The study published Friday in the journal Science Immunology has described the new cancer immunotherapy that can prevent the immune system from becoming tumor-tolerant, which occurs in 30% of cancer patients.

A team led by Wang Dangge of the Shanghai Institute of Medical Materials, under the jurisdiction of the Chinese Academy of Sciences and Fudan University, has developed a common inhibitor of the immune control point in a nanoparticle formulation highly specific to the tumor.

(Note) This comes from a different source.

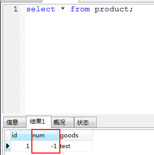 $id = 1; // 锁 lock('product', 1); $sql = "select * from product where id='{$id}'"; $query = mysqli_query($conn, $sql); $data = mysqli_fetch_array($query, MYSQLI_ASSOC); if ( $data['num'] <= 0 ) throw new Exception('product sold out'); sleep(1); $sql = "update product set num=num-1 where id='{$id}'"; mysqli_query($conn, $sql); echo 'ok'; // 解锁 unlock('product'); function lock($table, $type = 0) { global $conn; $op = ( $type == 0 ) ? 'READ' : 'WRITE'; $sql = "LOCK TABLE `{$table}` {$op}"; mysqli_query($conn, $sql); } function unlock($table) { global $conn; $sql = "UNLOCK TABLES"; mysqli_query($conn, $sql); }

The checkpoint inhibitor is a type of antitumor medicine that is becoming more and more popular. It can block proteins that prevent immune T cells from killing cancer. But the checkpoint inhibitor used to target immune-inhibiting proteins such as PD-1 and PD-L1 often fails to reach deep or metastatic tumors.

Wang's team combined the nanoparticles carrying antibodies targeting PD-L1 with a light-activated molecule. According to this study, the molecule called photosensitizer can produce reactive oxygen species that kill tumors after encountering a tumor-rich protein.

In murine models, near-infrared local radiation that activated the photosensitizer, badociated with the delivery of nanoparticles carrying antibodies, promoted the infiltration of tumor cell-killing T cells into the tumor site and rendered tumors more sensitive to the blockage of the control point.

This combination also helped the nanoparticles to effectively suppress tumor growth and metastasis of the lymph and lung lymph nodes, which maintained about 80% of the mouse survival rate for 70 days, compared to complete death of the mouse in 45 days in the group treated with PD-L1 antibodies in the study.